▸ Extracted information
· · · ·

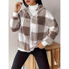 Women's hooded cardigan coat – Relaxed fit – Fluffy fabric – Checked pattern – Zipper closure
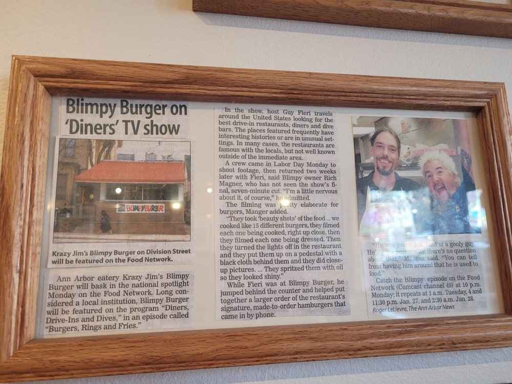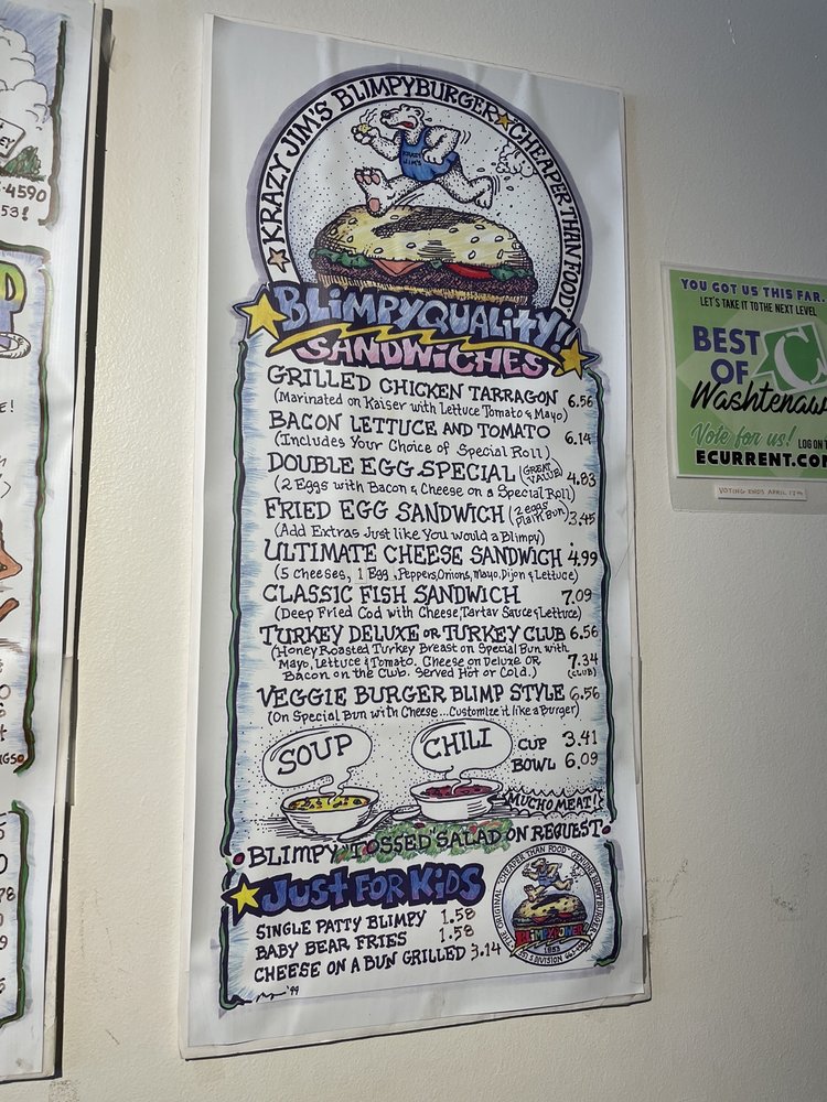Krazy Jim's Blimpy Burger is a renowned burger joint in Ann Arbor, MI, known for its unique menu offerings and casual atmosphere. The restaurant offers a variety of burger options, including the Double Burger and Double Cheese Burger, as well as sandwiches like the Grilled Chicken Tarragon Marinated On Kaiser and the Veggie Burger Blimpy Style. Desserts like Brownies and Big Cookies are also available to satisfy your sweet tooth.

· · · ·

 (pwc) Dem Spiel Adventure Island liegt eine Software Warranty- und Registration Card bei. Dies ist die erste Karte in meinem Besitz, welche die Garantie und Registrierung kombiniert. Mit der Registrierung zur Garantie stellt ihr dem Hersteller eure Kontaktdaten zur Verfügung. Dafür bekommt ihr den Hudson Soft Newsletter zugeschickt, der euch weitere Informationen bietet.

· · · ·

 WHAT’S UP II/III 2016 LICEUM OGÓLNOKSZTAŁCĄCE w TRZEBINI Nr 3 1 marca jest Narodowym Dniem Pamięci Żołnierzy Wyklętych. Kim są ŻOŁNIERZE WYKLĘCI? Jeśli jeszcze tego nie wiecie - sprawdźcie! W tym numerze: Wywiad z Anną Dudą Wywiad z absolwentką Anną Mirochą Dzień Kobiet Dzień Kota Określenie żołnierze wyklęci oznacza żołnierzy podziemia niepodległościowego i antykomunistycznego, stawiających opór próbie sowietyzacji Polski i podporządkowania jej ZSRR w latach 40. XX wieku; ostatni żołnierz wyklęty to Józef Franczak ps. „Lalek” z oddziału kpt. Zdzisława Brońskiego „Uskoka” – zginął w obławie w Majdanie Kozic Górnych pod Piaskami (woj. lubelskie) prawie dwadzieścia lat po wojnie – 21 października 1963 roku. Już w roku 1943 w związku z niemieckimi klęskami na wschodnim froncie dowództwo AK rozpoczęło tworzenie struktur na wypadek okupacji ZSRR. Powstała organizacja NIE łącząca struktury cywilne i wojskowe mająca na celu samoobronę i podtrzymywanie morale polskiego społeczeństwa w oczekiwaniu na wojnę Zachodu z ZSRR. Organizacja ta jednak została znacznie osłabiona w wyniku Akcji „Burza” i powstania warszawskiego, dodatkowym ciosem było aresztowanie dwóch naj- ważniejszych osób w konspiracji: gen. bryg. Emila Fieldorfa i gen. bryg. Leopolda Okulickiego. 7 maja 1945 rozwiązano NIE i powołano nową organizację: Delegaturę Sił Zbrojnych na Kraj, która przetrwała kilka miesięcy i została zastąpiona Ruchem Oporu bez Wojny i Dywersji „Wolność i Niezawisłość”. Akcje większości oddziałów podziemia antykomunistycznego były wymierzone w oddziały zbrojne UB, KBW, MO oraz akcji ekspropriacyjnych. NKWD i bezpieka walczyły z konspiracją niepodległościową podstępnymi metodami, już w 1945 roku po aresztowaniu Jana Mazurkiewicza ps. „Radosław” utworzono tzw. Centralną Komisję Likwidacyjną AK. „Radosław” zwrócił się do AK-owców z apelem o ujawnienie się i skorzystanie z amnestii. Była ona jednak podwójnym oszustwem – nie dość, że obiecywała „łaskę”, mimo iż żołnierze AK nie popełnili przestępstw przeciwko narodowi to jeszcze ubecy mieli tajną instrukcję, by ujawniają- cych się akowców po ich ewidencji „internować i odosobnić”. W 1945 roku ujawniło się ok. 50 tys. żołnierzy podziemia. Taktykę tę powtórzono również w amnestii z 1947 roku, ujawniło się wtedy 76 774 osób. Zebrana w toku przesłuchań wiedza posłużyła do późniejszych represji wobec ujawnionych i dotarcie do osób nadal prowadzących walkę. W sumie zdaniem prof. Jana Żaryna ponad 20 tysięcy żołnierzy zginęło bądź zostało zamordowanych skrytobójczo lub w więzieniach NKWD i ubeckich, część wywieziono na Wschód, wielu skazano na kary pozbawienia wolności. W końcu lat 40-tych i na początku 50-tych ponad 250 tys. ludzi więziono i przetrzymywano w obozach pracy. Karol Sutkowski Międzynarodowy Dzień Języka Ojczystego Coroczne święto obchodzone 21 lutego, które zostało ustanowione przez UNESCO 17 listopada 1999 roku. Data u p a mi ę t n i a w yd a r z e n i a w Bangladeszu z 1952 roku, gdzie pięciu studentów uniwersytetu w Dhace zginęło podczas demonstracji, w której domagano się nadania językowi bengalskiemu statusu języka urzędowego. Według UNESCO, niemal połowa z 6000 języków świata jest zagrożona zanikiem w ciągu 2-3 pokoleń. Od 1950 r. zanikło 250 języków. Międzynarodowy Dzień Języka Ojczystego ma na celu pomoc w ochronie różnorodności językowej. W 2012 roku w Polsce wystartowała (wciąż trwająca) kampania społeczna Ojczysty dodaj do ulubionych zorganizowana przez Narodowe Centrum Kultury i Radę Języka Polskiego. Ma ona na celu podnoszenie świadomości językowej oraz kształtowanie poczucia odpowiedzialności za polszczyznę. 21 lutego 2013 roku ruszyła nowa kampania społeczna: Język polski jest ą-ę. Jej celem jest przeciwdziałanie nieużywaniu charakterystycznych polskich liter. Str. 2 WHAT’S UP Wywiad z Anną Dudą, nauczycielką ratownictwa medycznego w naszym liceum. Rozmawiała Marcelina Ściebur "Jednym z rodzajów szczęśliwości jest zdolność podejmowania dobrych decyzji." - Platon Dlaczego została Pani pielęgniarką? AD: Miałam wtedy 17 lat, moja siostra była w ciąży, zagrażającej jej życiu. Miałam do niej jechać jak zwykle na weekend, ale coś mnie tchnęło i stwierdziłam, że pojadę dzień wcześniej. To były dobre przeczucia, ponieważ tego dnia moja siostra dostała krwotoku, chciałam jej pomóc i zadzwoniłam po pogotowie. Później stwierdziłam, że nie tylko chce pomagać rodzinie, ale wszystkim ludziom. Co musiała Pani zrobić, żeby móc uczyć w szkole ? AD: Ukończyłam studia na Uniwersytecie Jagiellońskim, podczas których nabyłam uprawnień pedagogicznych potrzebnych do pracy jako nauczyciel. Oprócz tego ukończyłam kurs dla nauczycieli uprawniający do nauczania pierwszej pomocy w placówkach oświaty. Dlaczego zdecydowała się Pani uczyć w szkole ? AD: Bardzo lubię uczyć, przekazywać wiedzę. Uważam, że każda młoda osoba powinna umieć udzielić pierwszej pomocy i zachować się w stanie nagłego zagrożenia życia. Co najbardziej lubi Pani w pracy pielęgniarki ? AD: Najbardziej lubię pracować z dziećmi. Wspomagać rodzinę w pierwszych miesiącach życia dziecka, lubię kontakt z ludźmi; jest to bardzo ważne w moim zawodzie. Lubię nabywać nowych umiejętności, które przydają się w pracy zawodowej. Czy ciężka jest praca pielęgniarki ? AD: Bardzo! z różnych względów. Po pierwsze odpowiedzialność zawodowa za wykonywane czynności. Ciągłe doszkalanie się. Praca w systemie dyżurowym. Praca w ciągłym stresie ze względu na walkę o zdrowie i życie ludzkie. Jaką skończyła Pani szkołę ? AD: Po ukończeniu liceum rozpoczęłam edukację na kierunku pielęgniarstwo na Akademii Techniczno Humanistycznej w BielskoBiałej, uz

· · · ·

▸ Task to carry out
Your reply is to be an exact repeat of the listing above from the line holding "Women's hooded cardigan" down to the line holding "Krazy Jim's Blimpy", ends included, pictures excluded.

▸ Final answer
 Women's hooded cardigan coat – Relaxed fit – Fluffy fabric – Checked pattern – Zipper closure
Krazy Jim's Blimpy Burger is a renowned burger joint in Ann Arbor, MI, known for its unique menu offerings and casual atmosphere. The restaurant offers a variety of burger options, including the Double Burger and Double Cheese Burger, as well as sandwiches like the Grilled Chicken Tarragon Marinated On Kaiser and the Veggie Burger Blimpy Style. Desserts like Brownies and Big Cookies are also available to satisfy your sweet tooth.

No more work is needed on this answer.